Hammerhead: Shark Frenzy is a movie you can have fun with. Jeffrey Combs maintains a high, energetic pace and the Shark Boy makes enough appearances to keep your attention constantly glued to the screen. The producers were smart enough to not reveal too much of the Hammerhead monster. Hammer receives enough screen time so that you don't feel you are getting ripped off, but they don't reveal so much that they run the risk of exposing their poor special effects. Sometimes this is the smartest way to go. The "less-is-more" philosophy can sometimes save a film. Look what it did for Dog Soldiers. Now I am by no means comparing Hammerhead to Dog Soldiers, but I think the example still holds water.

In the end, Hammerhead: Shark Frenzy is a blast to watch. A movie such as this harkens back to the bygone era of Universal horror movies, where all of the characters were over-the-top parodies of themselves and the plots were threadbare. It definitely becomes one of the modern stalwart champions of the So-Bad-Its-Good jet set.

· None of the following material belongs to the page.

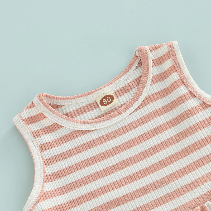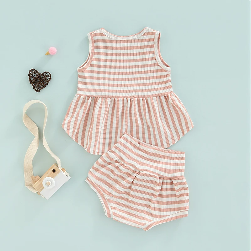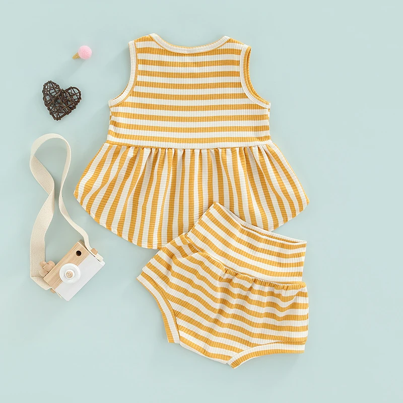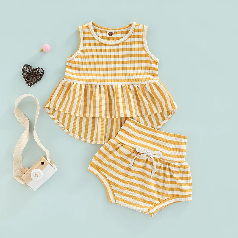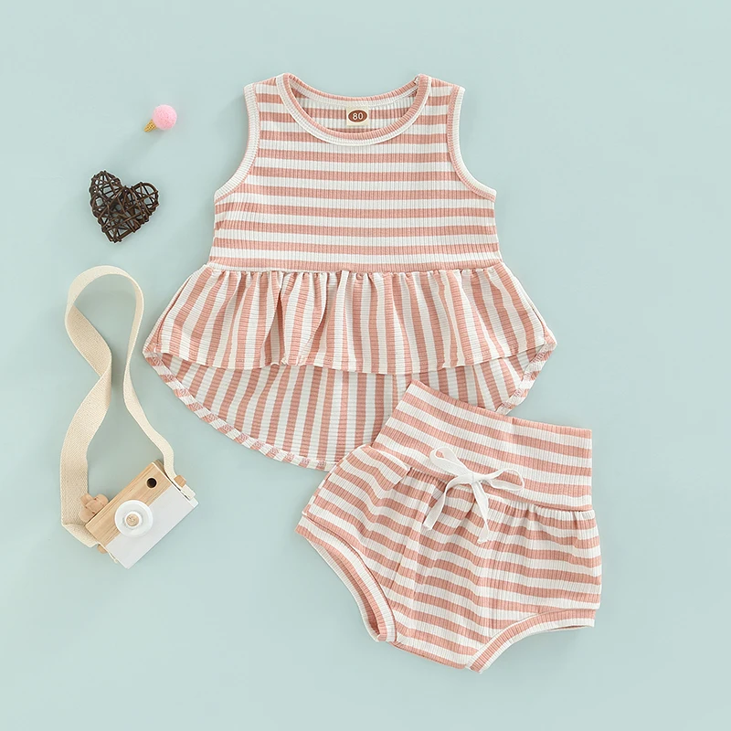 2Pcs ¼Ò³à ¿©¸§ ¿Ê ¹Î¼Ò¸Å Ruffle RibbedStriped Á¶³¢ ž + ź¼º ¹Ý¹ÙÁö Bloomers ijÁÖ¾ó ÀÇ»ó ¼¼Æ®
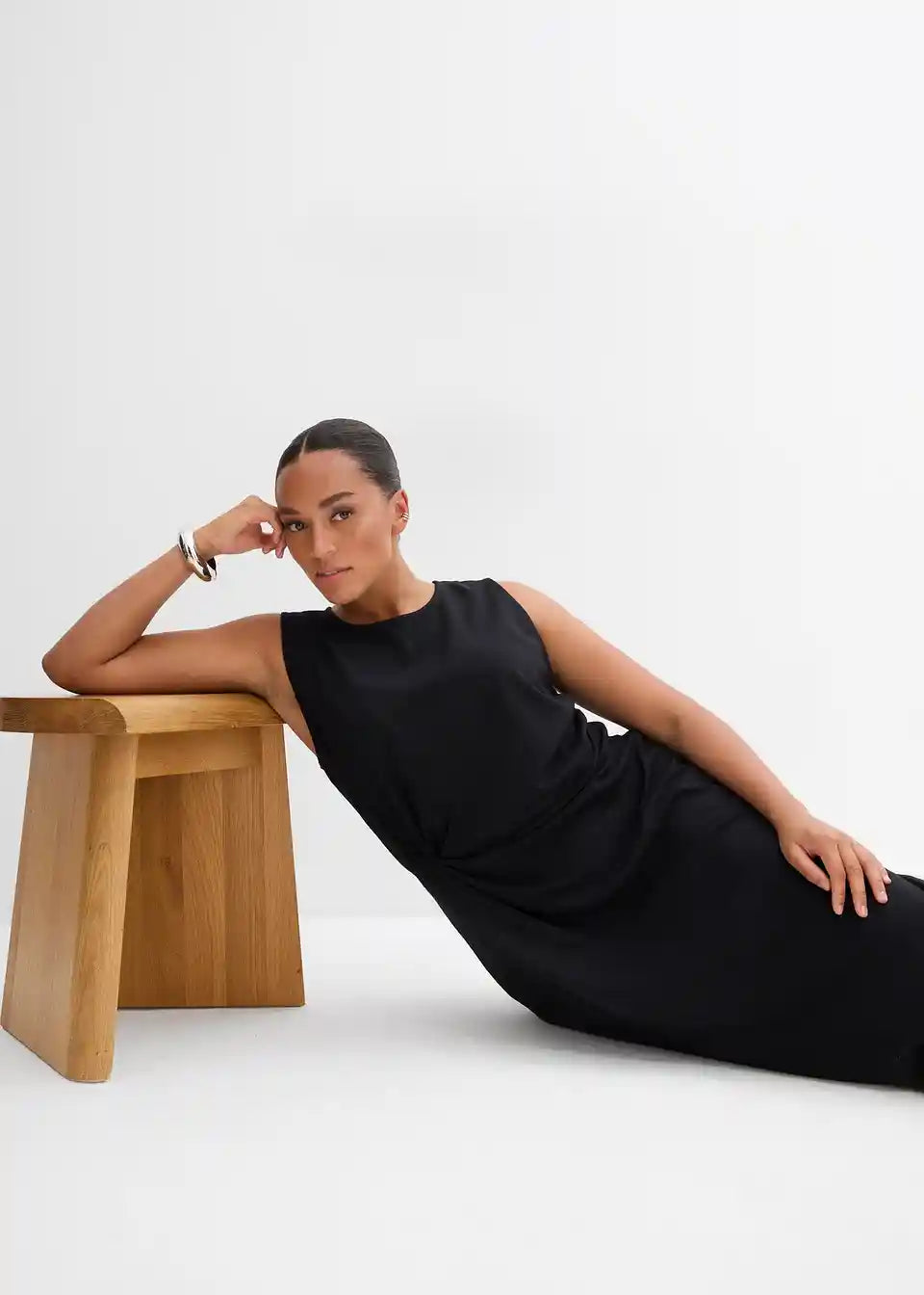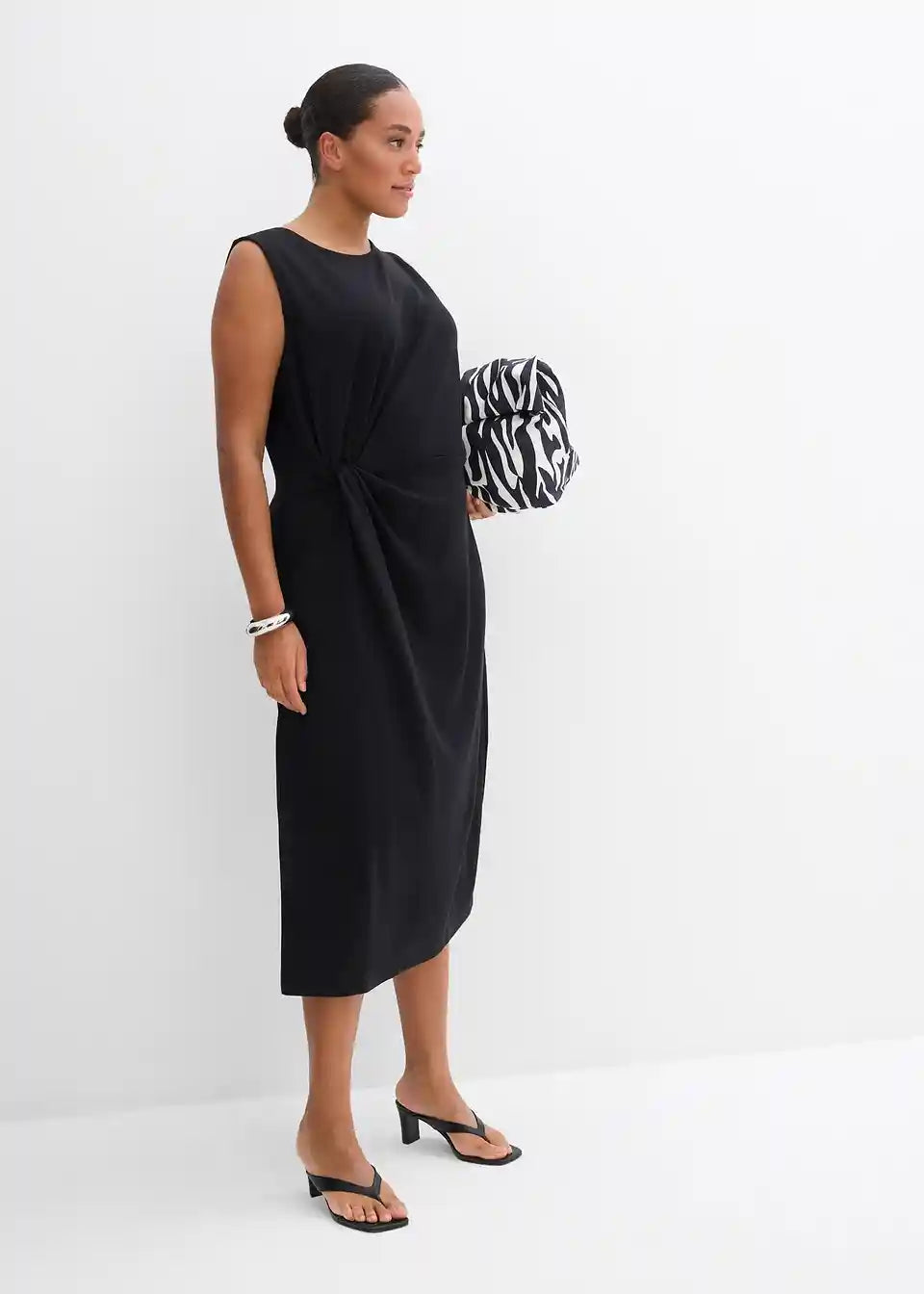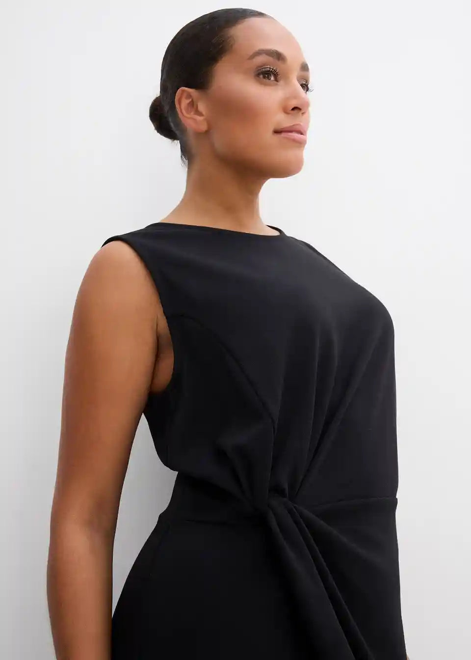 Srednje dolga obleka brez rokavov z okroglim izrezom in detajlom vozla na strani. Rob z razporkom ob strani in skrita zadrga na hrbtni strani.

The Bad: What do you want me to say? That this movie sucks? Of course it sucks! Every movie dealing with an underwater monster that isn't directed by Stephen Spielberg is destined for the Shitbag Hall Of Fame. I could probably ramble on for pages about the pitiful characters, the farcical dialogue and the amateurish plot development. But why bother? It's a fucking shark boy movie; but in the long, sad history of shark movies gone awry, I think Hammerhead is probably one of the better ones.

Great Lines:
"Can somebody please tell me, why those people are still alive?"
- Dr. King

"RARRRRGH!!! Chomp chomp chomp RARRRGHHHH!"
- Shark Boy

Overall Rating: 4 out of 10 severed heads.